O movimento social é um espaço onde podemos ouvir relatos, histórias, vivências. É

uma construção de histórias de vidas, uma luta constante por espaço e por direitos, um debate

acerca dos acontecimentos que afetam as vidas das pessoas. E uma das coisas presentes nos

movimentos sociais é a educação, mesmo que esta passe muitas vezes despercebida em

muitos debates.

Amado (2015) defende a definição de educação como

uma caminhada de aperfeiçoamento que os membros de uma comunidade humana

realizam com a ajuda e o apoio de outros membros; o aperfeiçoamento e

enriquecimento não são, desse modo, somente individuais mas coletivos, devendo

produzir mudanças desejáveis da sociedade e na cultura ― muito especialmente na

concretização dos direitos humanos e das liberdades fundamentais, bem como na

intensificação de valores essenciais para a convivência, como a compreensão, a

tolerância e a amizade entre cidadãos e cidadãs, povos e civilizações (p. 21).

O conhecimento difundido dentro de um movimento social é não somente o

individual, mas principalmente o coletivo, e pode levar a mudanças essenciais para uma vida

em comunidade ― inclusive nos âmbitos sociais e culturais de um povo ―, uma maneira de

aprender a conviver da melhor maneira possível e entender o seu espaço e o espaço do outro.

Nessa lógica, o espaço da cidade precisa ser visto e vivido com responsabilidade

enquanto parte importante de um contexto que envolve pessoas como partes, conforme

assinala Fernandes (2009): “Os sujeitos são autores e responsáveis por suas ações e escolhas,

com criticidade, reflexão e autocrítica, exercendo seu papel político de sujeitos que

participam e intervêm na cidade” (p. 62).

Outra maneira de demonstrar e de justificar a pesquisa biográfica no presente trabalho

é o fato de os currículos escolares não estarem adequados à realidade de determinadas regiões

do Brasil. O currículo amazônico deve ter suas peculiaridades, uma vez que essa localidade

requer uma educação voltada às suas especificidades, enquanto Região Norte e enquanto

Amazônia brasileira. Arroyo (2015) nos mostra que são os movimentos sociais que garantem

isso e aponta “para a construção de outros currículos, na medida em que defendem ocupar o

latifúndio do saber, as escolas, as universidades, os currículos para plantar e afirmar outros

conhecimentos. Para afirmarem-se produtores de outras culturas e valores” (p. 67).

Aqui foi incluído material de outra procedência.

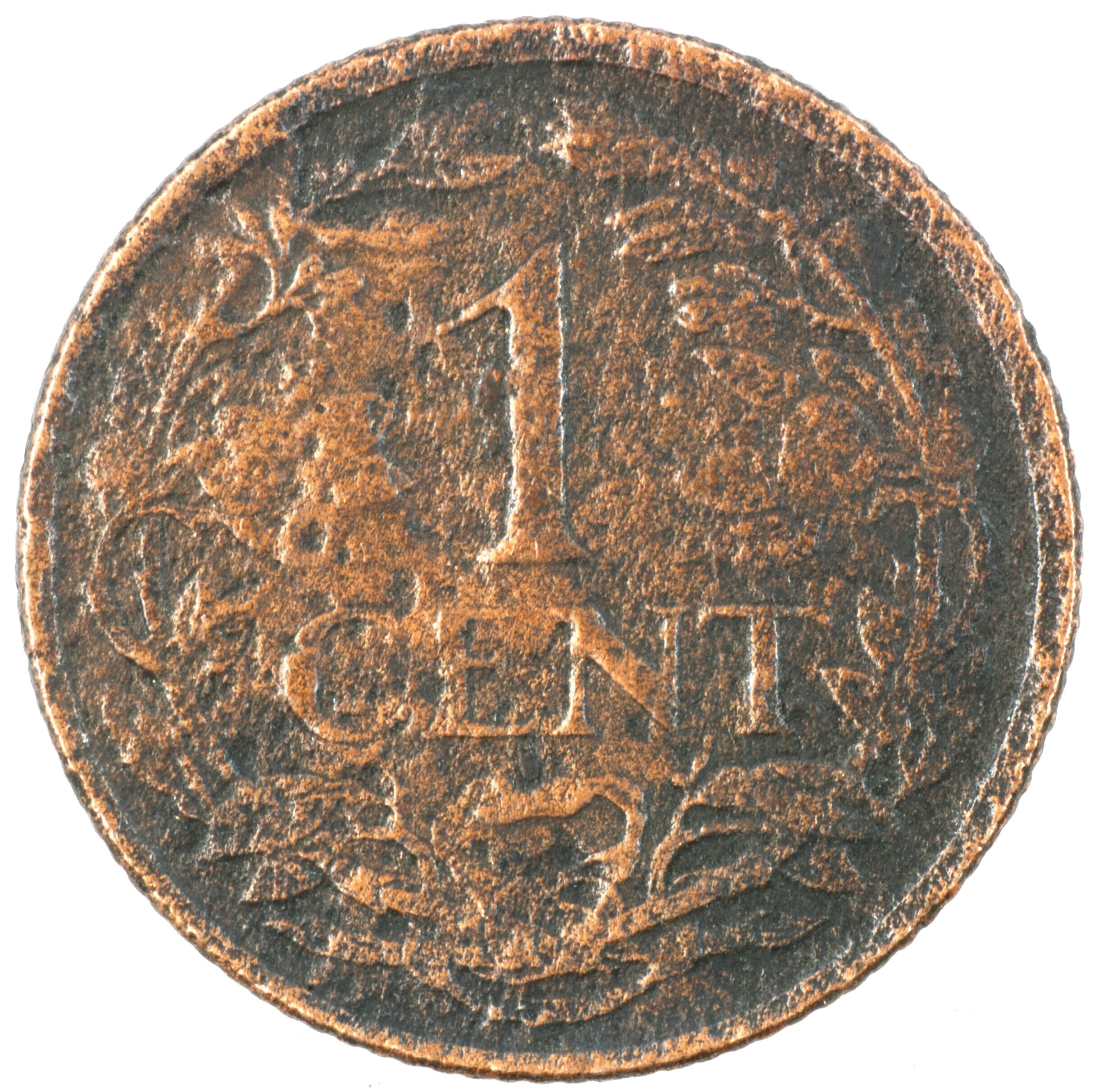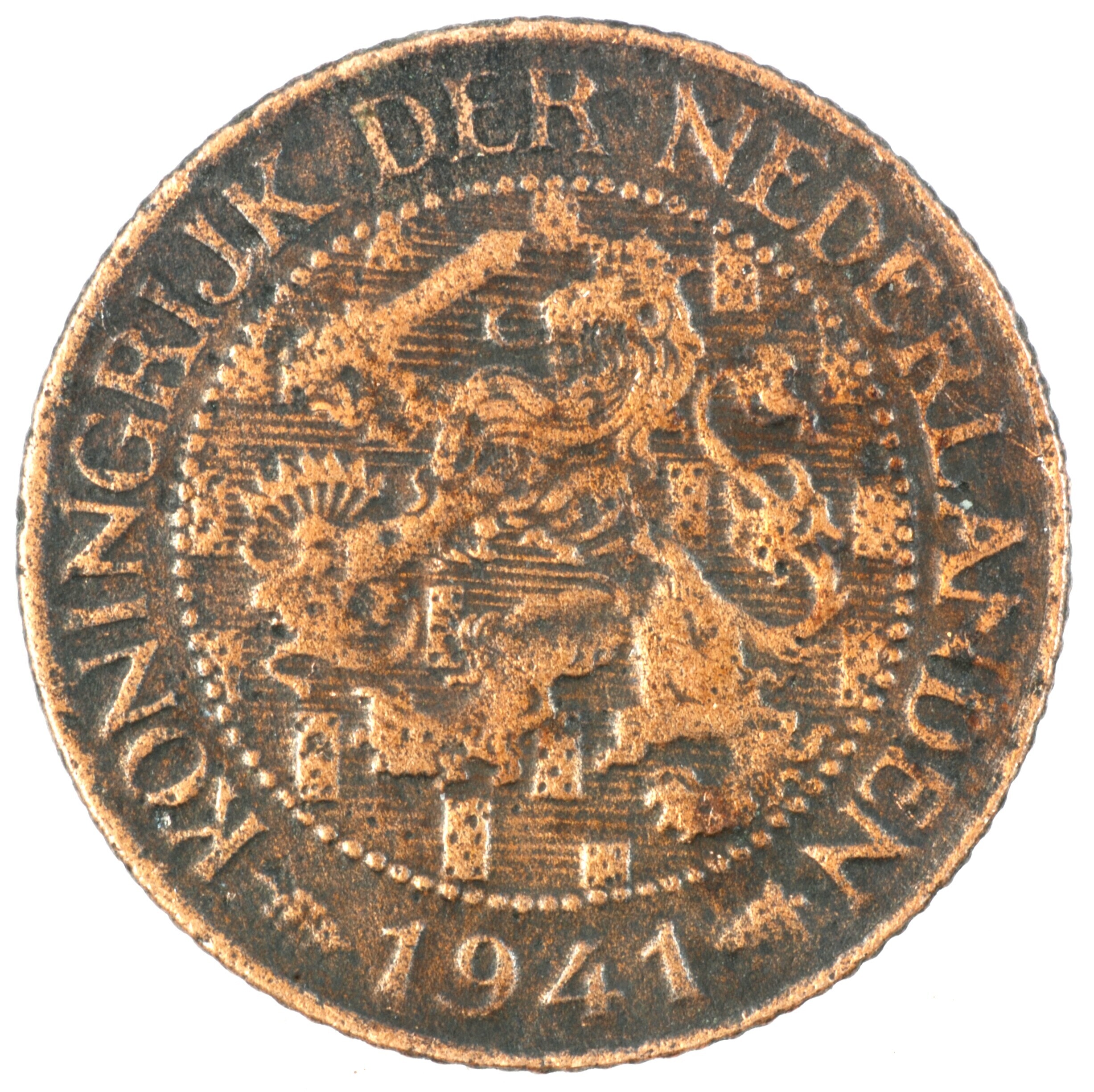 Cent; Nederland Koninkrijk (1813-heden); Wilhelmina (1890-1948); vz.: klimmende leeuw naar links met zwaard en pijlenbundel op een veld van azuur met zeventien blokken binnen parelcirkel, met omschrift (druiventros) KONINGRIJK DER NEDERLANDEN (mercuriusstaf) 1941; kz.: binnen een krans van twee samengebonden oranjetakken in twee regels: 1 / CENT; muntplaats: Utrecht; 2.26 gram; referentie: Schulman 998

Costa & Oliveira (2017) defende um currículo voltado para a região e para suas

peculiaridades: sua fala, alimentação, danças e expressões artísticas.

A ênfase dada à questão cultural nesse processo educacional é muito importante,

porque a partir dele o educando estará percebendo que faz parte de um processo

social, histórico, cultural. Evidenciar ainda mais o enredo cultural no ensino das

escolas públicas seria uma alternativa para estreitar a relação do educando com o

aprendizado, ou seja, além dos temas gerais como etnia, religião, movimento artístico

etc., tentar situar estes universos diversificados em um contexto regional. Desse modo

estaria dando mais fundamentos ao objeto de estudo, no caso a cultura situada em uma

dada realidade, em um determinado contexto (p.143).

Um currículo nacional que ignora ou cala as diferenças que coexistem em um país com

as dimensões territoriais e culturais que tem o Brasil não abrange as peculiaridades que

compõem as realidades amazônicas ― por exemplo, sua sabedoria cultural e sua realidade

territorial. Logo, é imperioso reconhecer e oferecer políticas voltadas para a realidade e a

vivência dos estudantes amazônicos dos campos, dos centros urbanos, das pequenas cidades,

das periferias, das comunidades ribeirinhas, dos quilombos e dos territórios indígenas; o

currículo não pode estar ligado, somente, a um documento formal, isto é, uma legislação

pautada para os ditos centros econômicos do Brasil.